Gold dehedging hit a record in the second quarter according to GFMS. The bulk of the dehedging was a result of hedge book buybacks from Newmont and Lihir (LGL). AngloGold Ashanti, Barrick and Buenaventura also made significant contributions from hedge book reductions. In 2006, gold dehedging was dominated by Barrick as it bought back the hedge book inherited from its Placer Dome acquisition.

There were still meaningful, if not dominant, hedges put in place in the second quarter by various miners.

GFMS makes an “interesting observation” that while dehedging in 2007 has reached record levels, the numbers still pale by comparison to the total of hedges put on during gold’s steady fall in the late nineties.

On the production front, GFMS reports provisional assessments suggest second quarter production rose moderately year on year. The biggest contributor was Freeport McMoRan’s Grasberg mine in Indonesia. By contrast, the world’s biggest producers such as Barrick and Newmont  have seen their production decline. South African miners AngloGold Ashanti and Gold Fields have also reported declines.

All up, the gold price did nothing spectacular in the second quarter, despite record dehedging.
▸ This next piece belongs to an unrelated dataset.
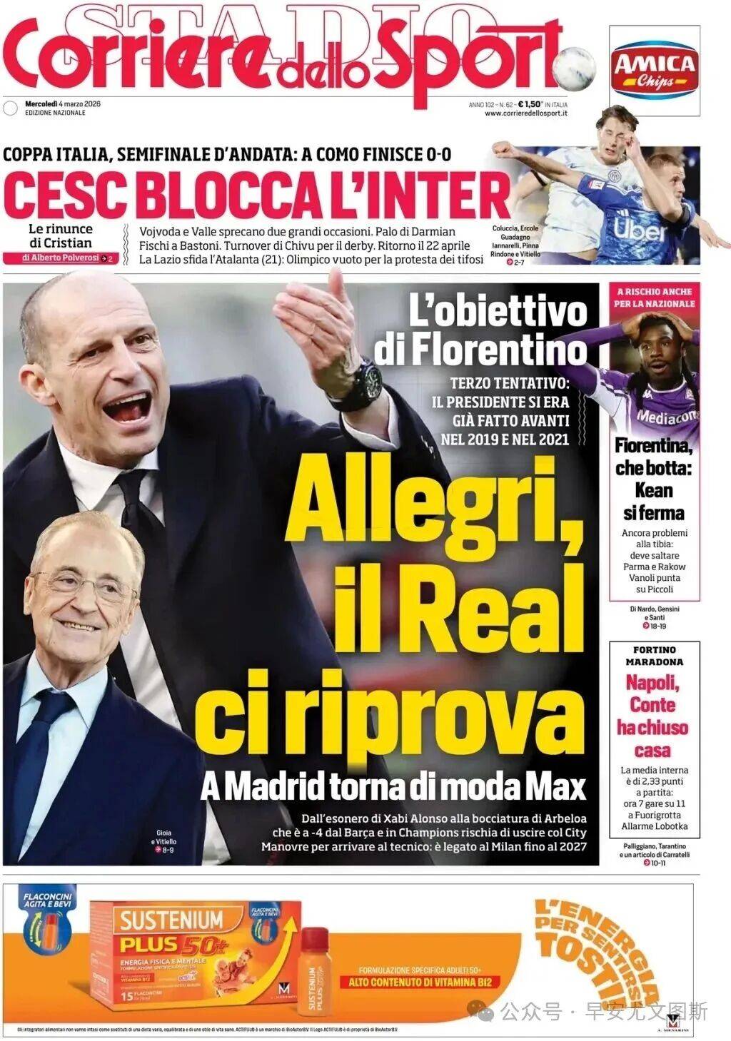 2 . เซียวฟาบบล็อกอินเตอร์และสกัดกั้น ITSIA รอบรองชนะเลิศรอบรองชนะเลิศของ Coppa Italia: 0-0 สำหรับแขกของ Como Waywoda และ Valle เสียโอกาสดีๆ ไปสองครั้ง Damian ตีโพสต์ และ Bastony ก็โห่ร้อง การหมุนเวียนของ Ziwo ในดาร์บี้รอบต่อไปในวันที่ 22 เมษายน ลาซิโอท้าทายแอตแลนต้าคืนนี้ และสนามกีฬาโอลิมปิกก็ว่างเปล่าเนื่องจากการประท้วงของแฟนๆ

This is because the benefits were offset by a barrage of central bank gold sales coming the other way. GFMS estimates 148t of gold were sold by central banks in the second quarter – 26% more than the previous second quarter and 38% more than the first quarter. Spain was the biggest seller, offloading 70t as it battled with a rising national debt. France and Switzerland were also significant sellers, and Switzerland has indicated its intention to sell more gold over time.
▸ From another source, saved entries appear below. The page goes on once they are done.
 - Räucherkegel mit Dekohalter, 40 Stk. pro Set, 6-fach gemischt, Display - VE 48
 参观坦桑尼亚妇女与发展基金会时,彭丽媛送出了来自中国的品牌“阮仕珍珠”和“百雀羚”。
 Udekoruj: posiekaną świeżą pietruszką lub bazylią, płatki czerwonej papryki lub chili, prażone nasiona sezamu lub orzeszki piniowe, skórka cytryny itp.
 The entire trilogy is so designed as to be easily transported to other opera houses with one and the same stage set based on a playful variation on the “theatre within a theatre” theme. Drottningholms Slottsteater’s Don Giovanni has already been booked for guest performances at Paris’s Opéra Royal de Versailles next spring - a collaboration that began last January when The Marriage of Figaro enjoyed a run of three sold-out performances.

The Washington Agreement countries were the only central bank sellers of gold in the second quarter, unless you count the Philippines, which unleashed one tonne. Purchases were insignificant, but came from Russia, Kazakhstan and Qatar.

Most gold analysts expect central bank selling to decline in the third quarter as we approach the end of the Washington Agreement quota year in September. But then again, most analysts were not expecting the extent of second quarter sales. More reliable is GFMS’s conclusion that producer dehedging will drop off in the third quarter. Most of the big books have now been bought back.